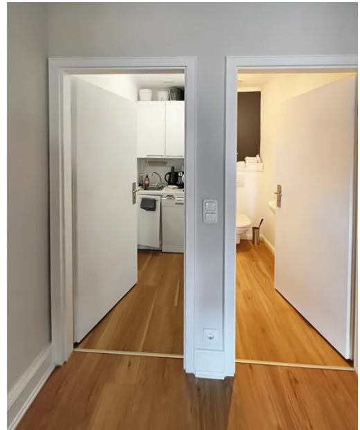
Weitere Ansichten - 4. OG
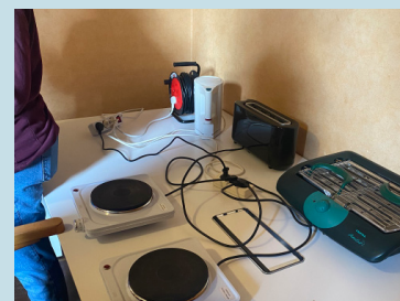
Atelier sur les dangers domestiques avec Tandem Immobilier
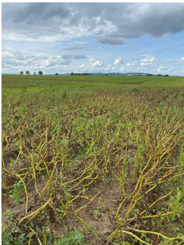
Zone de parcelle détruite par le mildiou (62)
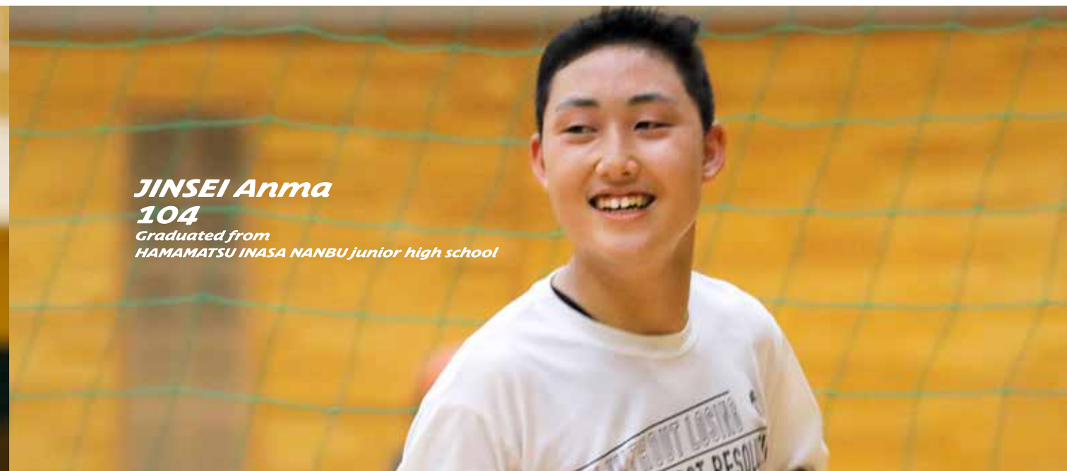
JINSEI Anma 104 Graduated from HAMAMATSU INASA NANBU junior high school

##############################

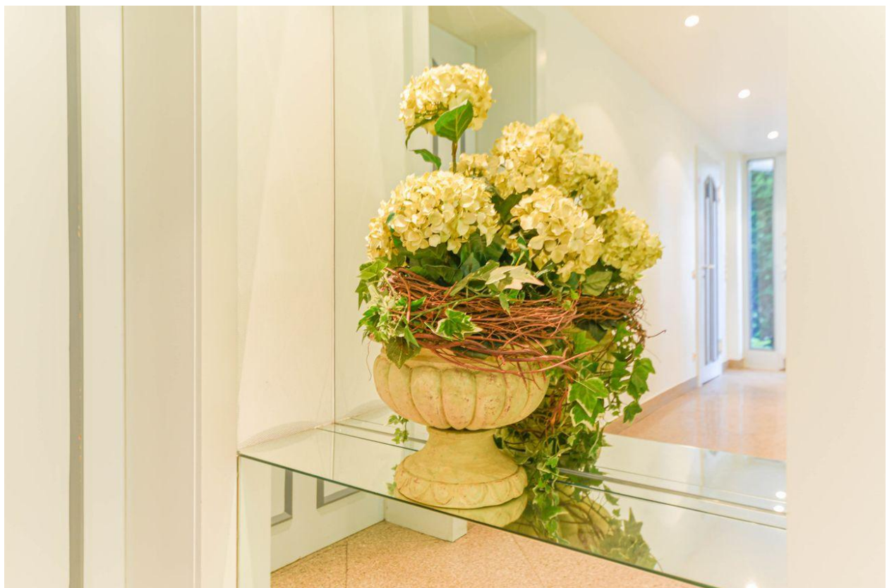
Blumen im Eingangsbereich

##############################

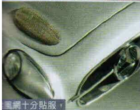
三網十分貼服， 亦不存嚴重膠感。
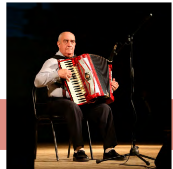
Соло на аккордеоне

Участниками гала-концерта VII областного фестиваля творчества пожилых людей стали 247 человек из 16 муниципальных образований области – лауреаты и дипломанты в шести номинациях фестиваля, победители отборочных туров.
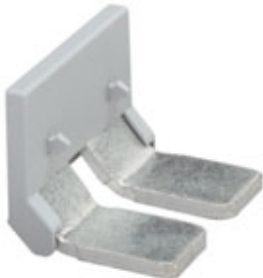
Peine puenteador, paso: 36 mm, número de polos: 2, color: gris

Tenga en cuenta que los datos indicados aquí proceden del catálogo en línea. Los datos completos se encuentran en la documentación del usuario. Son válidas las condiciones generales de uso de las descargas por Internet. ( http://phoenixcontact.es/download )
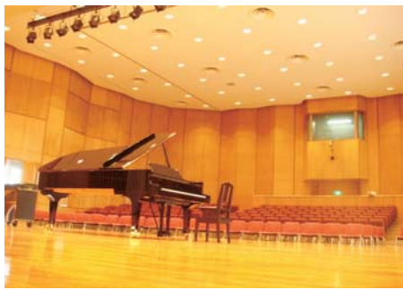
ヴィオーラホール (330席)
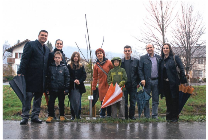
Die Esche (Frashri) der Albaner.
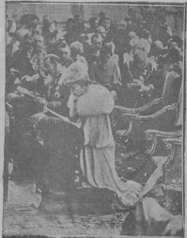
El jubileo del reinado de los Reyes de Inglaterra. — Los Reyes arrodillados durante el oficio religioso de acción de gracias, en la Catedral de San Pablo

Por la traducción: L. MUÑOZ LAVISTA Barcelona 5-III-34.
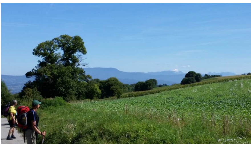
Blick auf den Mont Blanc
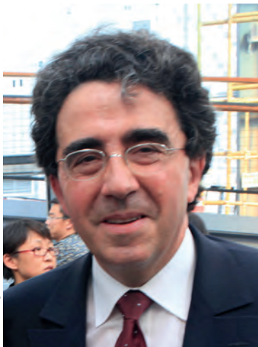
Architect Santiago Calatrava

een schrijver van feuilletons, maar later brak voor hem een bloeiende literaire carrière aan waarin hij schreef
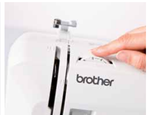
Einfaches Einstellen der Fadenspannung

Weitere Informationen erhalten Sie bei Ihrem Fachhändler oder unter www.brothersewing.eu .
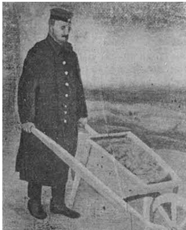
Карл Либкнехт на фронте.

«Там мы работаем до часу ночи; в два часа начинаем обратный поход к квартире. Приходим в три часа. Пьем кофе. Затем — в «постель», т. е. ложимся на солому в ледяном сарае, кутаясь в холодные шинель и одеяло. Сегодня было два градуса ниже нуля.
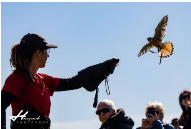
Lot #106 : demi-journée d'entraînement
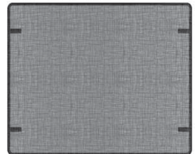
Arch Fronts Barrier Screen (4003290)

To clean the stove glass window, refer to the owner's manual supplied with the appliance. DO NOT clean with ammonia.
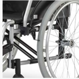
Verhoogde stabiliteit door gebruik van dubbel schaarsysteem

##############################

ABOUT THIS EXERCISE:
Output exactly those lines of the data above that run from the line with "Соло на аккордеоне" up to and including the line with "Карл Либкнехт на фронте.". No pictures go in.

EXERCISE SOLUTION:
Соло на аккордеоне

Участниками гала-концерта VII областного фестиваля творчества пожилых людей стали 247 человек из 16 муниципальных образований области – лауреаты и дипломанты в шести номинациях фестиваля, победители отборочных туров.
Peine puenteador, paso: 36 mm, número de polos: 2, color: gris

Tenga en cuenta que los datos indicados aquí proceden del catálogo en línea. Los datos completos se encuentran en la documentación del usuario. Son válidas las condiciones generales de uso de las descargas por Internet. ( http://phoenixcontact.es/download )
ヴィオーラホール (330席)
Die Esche (Frashri) der Albaner.
El jubileo del reinado de los Reyes de Inglaterra. — Los Reyes arrodillados durante el oficio religioso de acción de gracias, en la Catedral de San Pablo

Por la traducción: L. MUÑOZ LAVISTA Barcelona 5-III-34.
Blick auf den Mont Blanc
Architect Santiago Calatrava

een schrijver van feuilletons, maar later brak voor hem een bloeiende literaire carrière aan waarin hij schreef
Einfaches Einstellen der Fadenspannung

Weitere Informationen erhalten Sie bei Ihrem Fachhändler oder unter www.brothersewing.eu .
Карл Либкнехт на фронте.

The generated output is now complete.